▶ TASK ITEM
Your reply should reproduce all the data below exactly while excluding the pictures.

(SUPPLIED MATERIAL Opens)

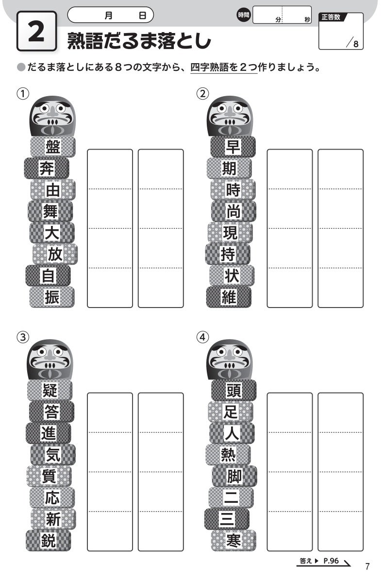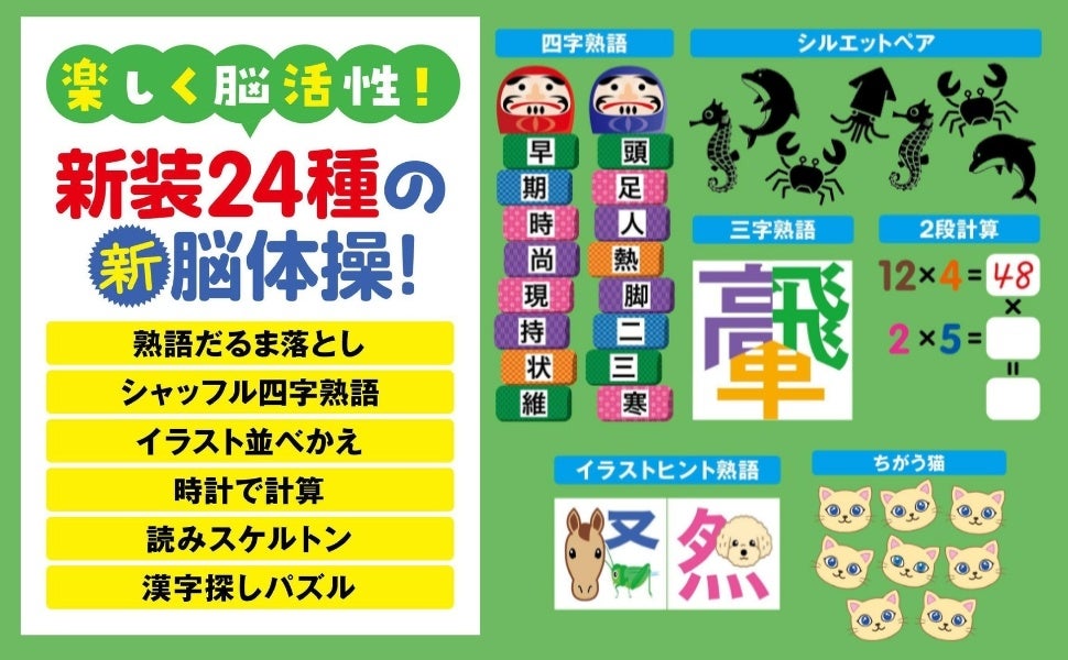 読み書き計算から、絵や文字や数字のパズルまで楽しい脳体操が満載。多彩な問題構成にしているので、楽しく遊びながら、自然とさまざまな種類の脳力をきたえることができます。熟語だるま落とし、ちら見! 三字熟語、イラスト並べ替えパズル、計算ぬりえなど、バラエティー豊かなパズルが満載!
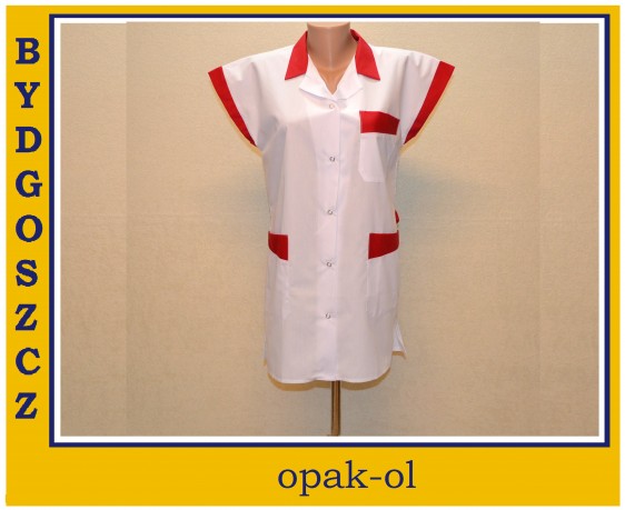 Fartuch dostępny w kolorze białym z dodatkami w trzech kolorach: blękitnym, czerwonym lub zielonym.
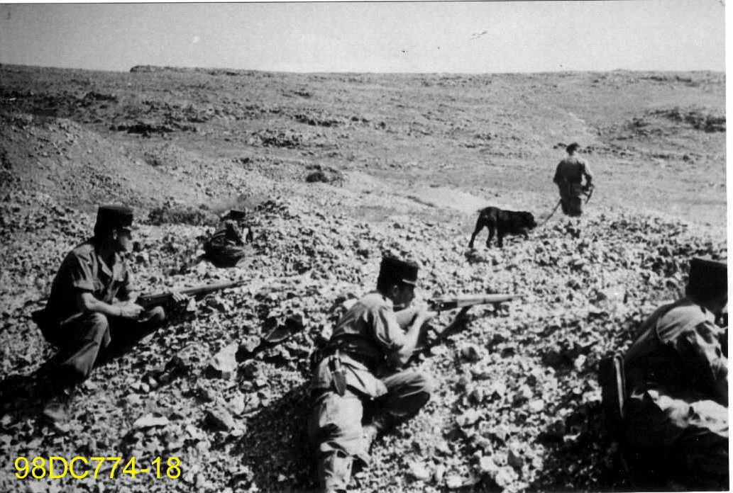 Ils semblent protéger un éclaireur avec un chien qui se trouve en avant.

(SUPPLIED MATERIAL Closes)

▶ RESPONSE FOR THIS EXERCISE
 読み書き計算から、絵や文字や数字のパズルまで楽しい脳体操が満載。多彩な問題構成にしているので、楽しく遊びながら、自然とさまざまな種類の脳力をきたえることができます。熟語だるま落とし、ちら見! 三字熟語、イラスト並べ替えパズル、計算ぬりえなど、バラエティー豊かなパズルが満載!
 Fartuch dostępny w kolorze białym z dodatkami w trzech kolorach: blękitnym, czerwonym lub zielonym.
 Ils semblent protéger un éclaireur avec un chien qui se trouve en avant.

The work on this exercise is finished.